Re: [OMPI users] Using mtrace with openmpi segfaults

2007-12-07 Thread Jeff Squyres
I'm not sure what using mallopt would do when combined with Open MPI's  
ptmalloc, but I can't imagine that it would be anything good.

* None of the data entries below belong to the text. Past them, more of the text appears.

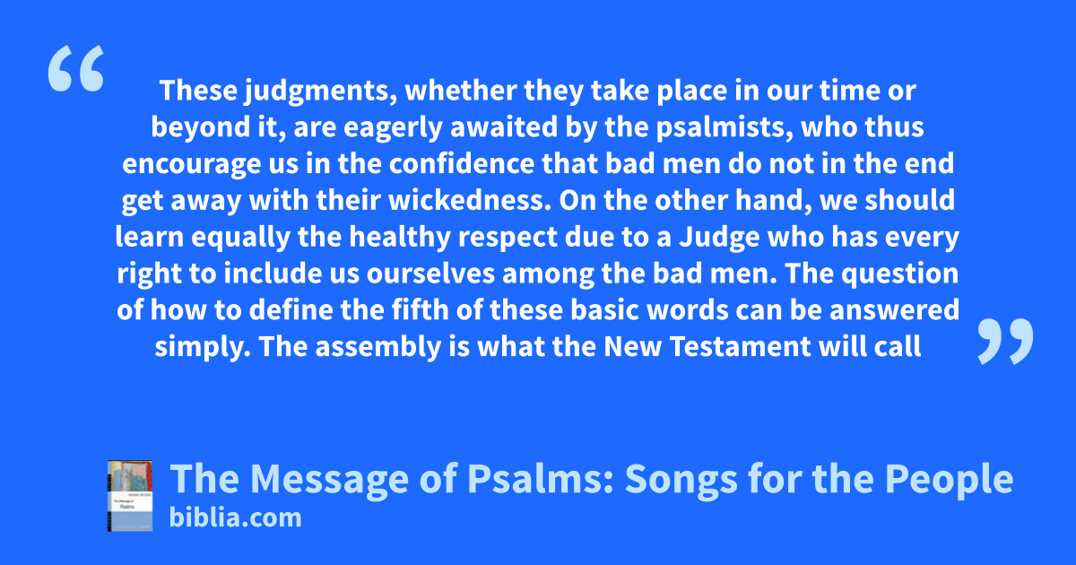 These judgments, whether they take place in our time or beyond it, are eagerly awaited by the psalmists, who thus encourage us in the confidence that bad men do not in the end get away with their wickedness. On the other hand, we should learn equally the healthy respect due to a Judge who has every right to include us ourselves among the bad men. The question of how to define the fifth of these basic words can be answered simply. The assembly is what the New Testament will call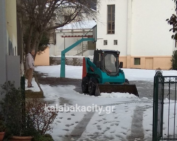 Ξεκίνησε σήμερα η “επιχείρηση” απομάκρυνσης του χιονιού από τις αυλές των Δημοτικών Σχολείων της Καλαμπάκας.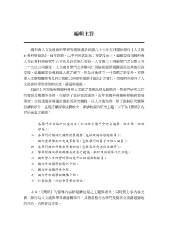 %u7de8%u8f2f%u4e3b%u65e8%u570b%u79d1%u6703%u4eba%u6587%u53ca%u793e%u6703%u79d1%u5b78%u7814%u7a76%u767c%u5c55%u8655%u65bc%u6c11%u570b%u516b%u5341%u516d%u5e74%u4e94%u6708%u958b%u59cb%u767c%u884c%u300a%u4eba%u6587%u8207%u793e%u6703%u79d1%u5b78%u7c21%u8a0a%u300b%uff0c%u6bcf%u5e74%u56db%u671f%uff0c%u4ee5%u5b63%u520a%u5f62%u5f0f%u51fa%u7248%uff1b%u5728%u5236%u5ea6%u9762%u4e0a%uff0c%u7de8%u8f2f%u59d4%u54e1%u7531%u570b%u79d1%u6703%u4eba%u6587%u793e%u6703%u79d1%u5b78%u7814%u7a76%u4e2d%u5fc3%u4e3b%u4efb%u53ca%u56db%u4f4d%u57f7%u884c%u59d4%u54e1%u3001%u4eba%u6587%u8655%u4e8c%u5341%u56db%u500b%u5b78%u9580%u4e4b%u53ec%u96c6%u4eba%u7b49%u4e8c%u5341%u4e5d%u4f4d%u5171%u540c%u64d4%u4efb%uff0c%u4eba%u6587%u8655%u5404%u5b78%u9580%u4e4b%u627f%u8fa6%u540c%u4ec1%u5247%u5354%u52a9%u63d0%u4f9b%u76f8%u95dc%u8cc7%u8a0a%u53ca%u5176%u4ed6%u884c%u653f%u652f%u63f4%u3002%u6b64%u7de8%u8f2f%u59d4%u54e1%u6703%u7d44%u6210%u4eba%u9078%u4e4b%u78ba%u7acb%uff0c%u9664%u70ba%u65e5%u5f8c%u5efa%u7acb%u4e00%u53ef%u4f9d%u5faa%u4e4b%u5236%u5ea6%u5916%uff0c%u4ea6%u5c07%u4f7f%u4eba%u6587%u8655%u76f8%u95dc%u5b78%u8005%u53ca%u540c%u4ec1%u90fd%u80fd%u5171%u540c%u53c3%u8207%u5354%u52a9%u300a%u7c21%u8a0a%u300b%u4e4b%u767c%u884c%uff0c%u9593%u63a5%u7684%u4e5f%u63d0%u5347%u4e86%u4eba%u6587%u793e%u6703%u79d1%u5b78%u5b78%u8005%u9593%u7684%u4ea4%u6d41%u3001%u6e9d%u901a%u8207%u91cd%u8996%u3002%u300a%u7c21%u8a0a%u300b%u5167%u5bb9%u9664%u5831%u5c0e%u570b%u79d1%u6703%u8207%u4eba%u6587%u8655%u4e4b%u696d%u52d9%u8a0a%u606f%u53ca%u52d5%u614b%u5916%uff0c%u5c0d%u5b78%u754c%u7814%u7a76%u5de5%u4f5c%u7684%u767c%u5c55%u53ca%u898f%u5283%u7b49%u4e8b%u52d9%uff0c%u4e5f%u63d0%u4f9b%u4e86%u826f%u597d%u4ea4%u6d41%u5712%u5730%u3002%u8fd1%u5e74%u4f86%u570b%u79d1%u6703%u7a4d%u6975%u63a8%u52d5%u8de8%u9818%u57df%u7814%u7a76%uff0c%u4f01%u76fc%u900f%u904e%u5404%u5c08%u984c%u8a08%u756b%u5f62%u6210%u7814%u7a76%u5718%u968a%uff0c%u4ee5%u4eba%u6587%u8655%u70ba%u4f8b%uff0c%u9664%u4e86%u555f%u52d5%u7814%u7a76%u5718%u968a%u6301%u7e8c%u8015%u8018%u5916%uff0c%u4e26%u5c07%u6301%u7e8c%u63a2%u7d22%u898f%u6a21%u8f03%u5927%u3001%u727d%u6d89%u8f03%u5ee3%u7684%u7814%u7a76%u4e3b%u984c%u3002%u4ee5%u4e0b%u70ba%u300a%u7c21%u8a0a%u300b%u5167%u5bb9%u6240%u6db5%u84cb%u4e4b%u7bc4%u570d%uff1a%u4e00%u3001%u5404%u5b78%u9580%u6b21%u9818%u57df%u4e4b%u7814%u7a76%u73fe%u6cc1%uff08%u4f8b%u5982%u8a9e%u8a00%u5b78%u9580%u4e2d%u7684%u97f3%u97fb%u5b78%u3001%u8a9e%u6cd5%u5b78%u3001%u8a9e%u7528%u5b78%u7b49%uff09%uff1b%u4e8c%u3001%u5404%u5b78%u9580%u6b21%u9818%u57df%u4e4b%u570b%u969b%u767c%u5c55%u8da8%u52e2%uff08%u5305%u62ec%u7406%u8ad6%u8207%u8b70%u984c%u5831%u5c0e%uff09%uff1b%u4e09%u3001%u570b%u5167%u91cd%u8981%u5b78%u8853%u7814%u7a76%u6210%u679c%u5831%u5c0e%uff08%u5305%u62ec%u5b78%u9580%u7814%u7fd2%u71df%u53ca%u500b%u4eba%u8ad6%u8457%uff09%uff1b%u56db%u3001%u5404%u5b78%u9580%u570b%u5167%u5916%u5091%u51fa%u5b78%u8005%u8a2a%u8ac7%uff08%u5305%u62ec%u5176%u7814%u7a76%u904e%u7a0b%u53ca%u9858%u666f%uff09%uff1b%u4e94%u3001%u5b78%u754c%u5c0d%u570b%u5167%u5b78%u8853%u6a5f%u69cb%u6216%u653f%u7b56%u4e4b%u5efa%u8b70%u3001%u6279%u8a55%u53ca%u76f8%u95dc%u55ae%u4f4d%u4e4b%u56de%u61c9%uff1b%u516d%u3001%u570b%u79d1%u6703%u4eba%u6587%u793e%u6703%u79d1%u5b78%u7814%u7a76%u4e2d%u5fc3%u76f8%u95dc%u6d3b%u52d5%u5831%u5c0e%uff1b%u4e03%u3001%u570b%u5167%u5916%u76f8%u95dc%u5b78%u8853%u671f%u520a%u4ecb%u7d39%uff1b%u516b%u3001%u570b%u5167%u5916%u76f8%u95dc%u5b78%u6703%u4ecb%u7d39%uff1b%u4e5d%u3001%u570b%u5167%u5916%u76f8%u95dc%u5b78%u8853%u6a5f%u69cb%u4ecb%u7d39%uff1b%u5341%u3001%u597d%u66f8%u63a8%u85a6%u3001%u7814%u8a0e%u6703%u7b49%u5b78%u8853%u8cc7%u8a0a%u3002%u672a%u4f86%uff0c%u300a%u7c21%u8a0a%u300b%u7684%u5831%u5c0e%u5167%u5bb9%u9664%u5ef6%u7e8c%u524d%u671f%u4e4b%u4e3b%u984c%u8981%u9805%u5916%uff0c%u540c%u6642%u5c07%u529b%u6c42%u5167%u5bb9%u5145%u5be6%uff0c%u9664%u4f5c%u70ba%u4eba%u6587%u8655%u8207%u5b78%u754c%u6e9d%u901a%u6a4b%u6881%u5916%uff0c%u5176%u64d4%u7576%u6574%u5408%u5404%u5b78%u9580%u53ca%u63d0%u4f9b%u4ea4%u6d41%u6e9d%u901a%u5712%u5730%u7684%u89d2%u8272%uff0c%u4e5f%u5c07%u66f4%u70ba%u91cd%u8981%u3002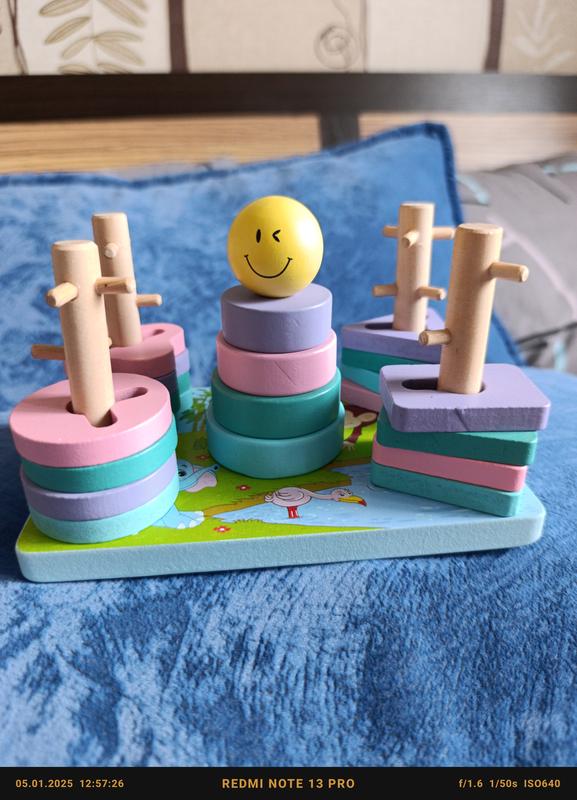 Деревянный сортер с интересными заданиями детям интересно искать возможности надевания фигурок. Состояние игрушки идеальное, все детали на месте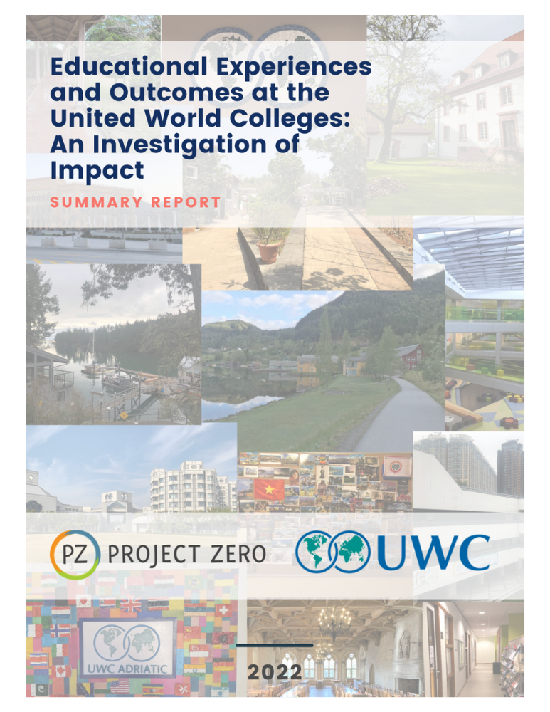 For the past several years, a team at The Good Project, part of Project Zero, has collaborated with the United World Colleges (UWC) movement on an independent review these schools’ educational model, practices, and outcomes. Our work explored the impact of a UWC education on a sample of thousands of students and alumni, and the wider world. We also included a set of 13 other non-UWC schools. The five-year longitudinal study has culminated in the report Educational Experiences and Outcomes at the United World Colleges (UWC): An Investigation of Impact, which we are pleased to publicly release today.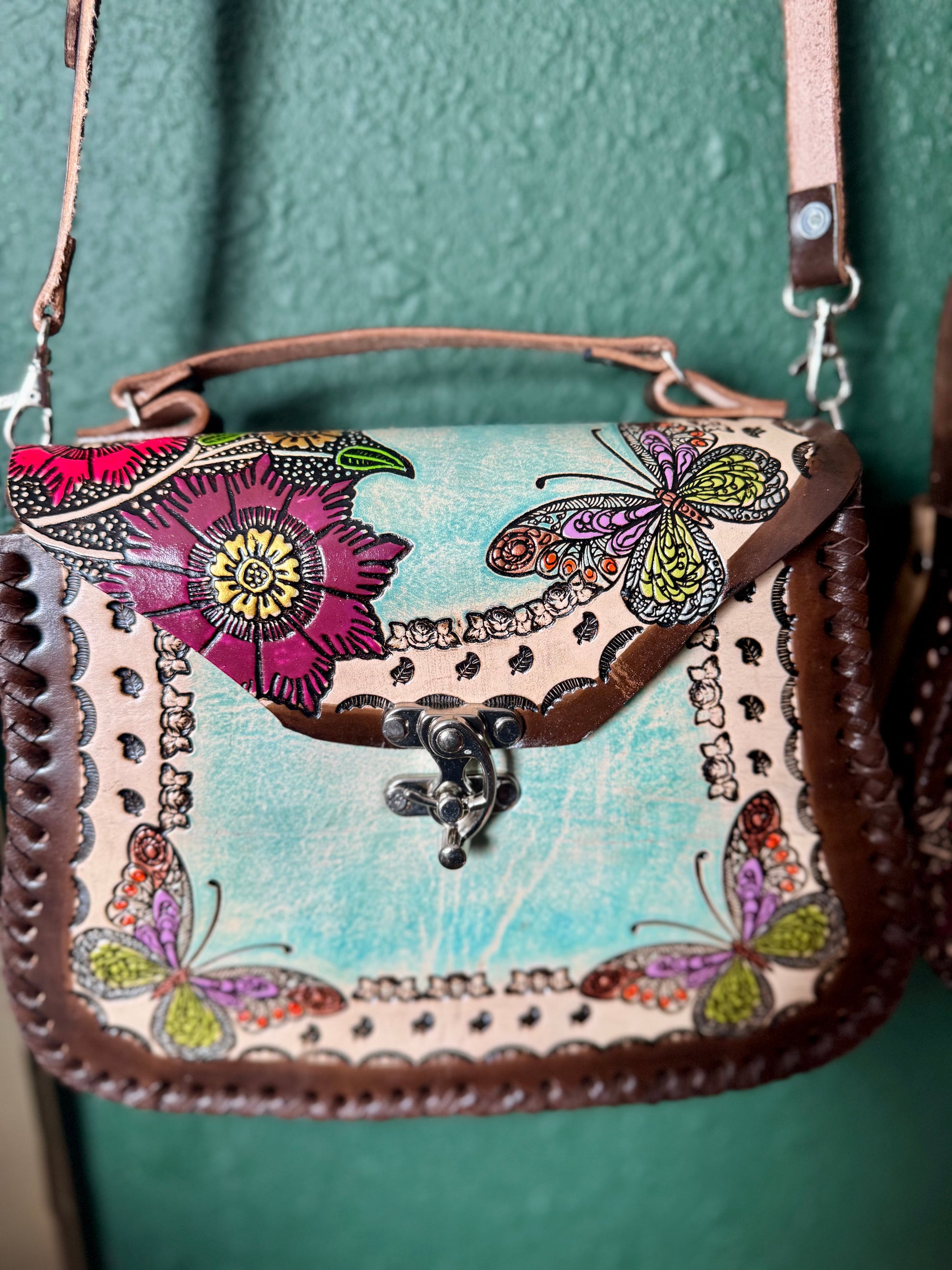 This beautiful genuine leather crossbody purse features hand-tooled (cincelada) and hand-painted artwork with colorful details. The leather is carefully tooled to create raised, textured designs, then painted by hand, making each purse truly one of a kind.Finished with hand-laced edges and a secure clasp closure, this purse blends boho, western, and artisan style. Perfect for everyday use or as a unique gift for someone who loves handcrafted leather goods.Hand made by artesanos from Mexico💖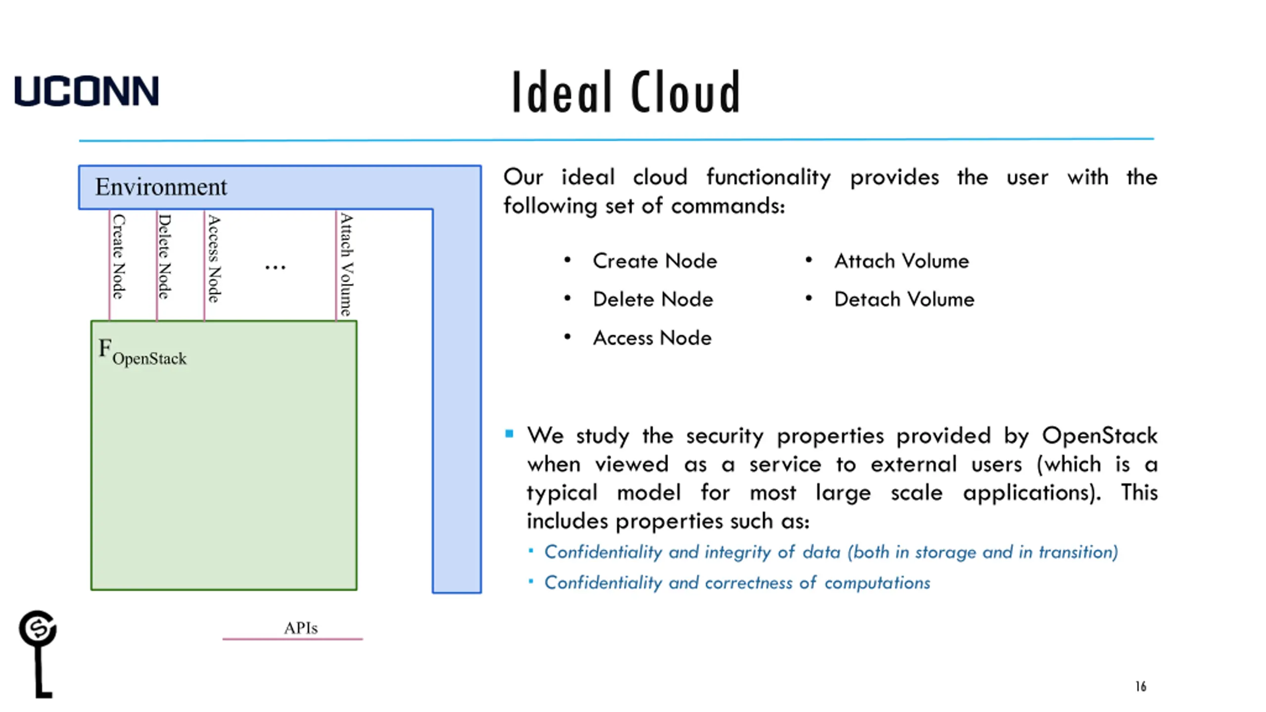 Ideal Cloud Our ideal cloud functionality provides the user with the following set of commands: Environment Create Node Attach Volume Delete Node Access Node Create Node Attach Volume Delete Node Detach Volume Access Node FOpenStack We study the security properties provided by OpenStack when viewed as a service to external users (which is a typical model for most large scale applications). This includes properties such as: Confidentiality and integrity of data (both in storage and in transition) Confidentiality and correctness of computations APIs 16

If you want users to be able to use mallopt, you should probably  
disable Open MPI's ptmalloc.



On Dec 6, 2007, at 10:16 AM, Jeffrey M Ceason wrote:



Is there a way to disable this at runtime?  Also can an user app use  
mallopt options without interfering with the memory managers?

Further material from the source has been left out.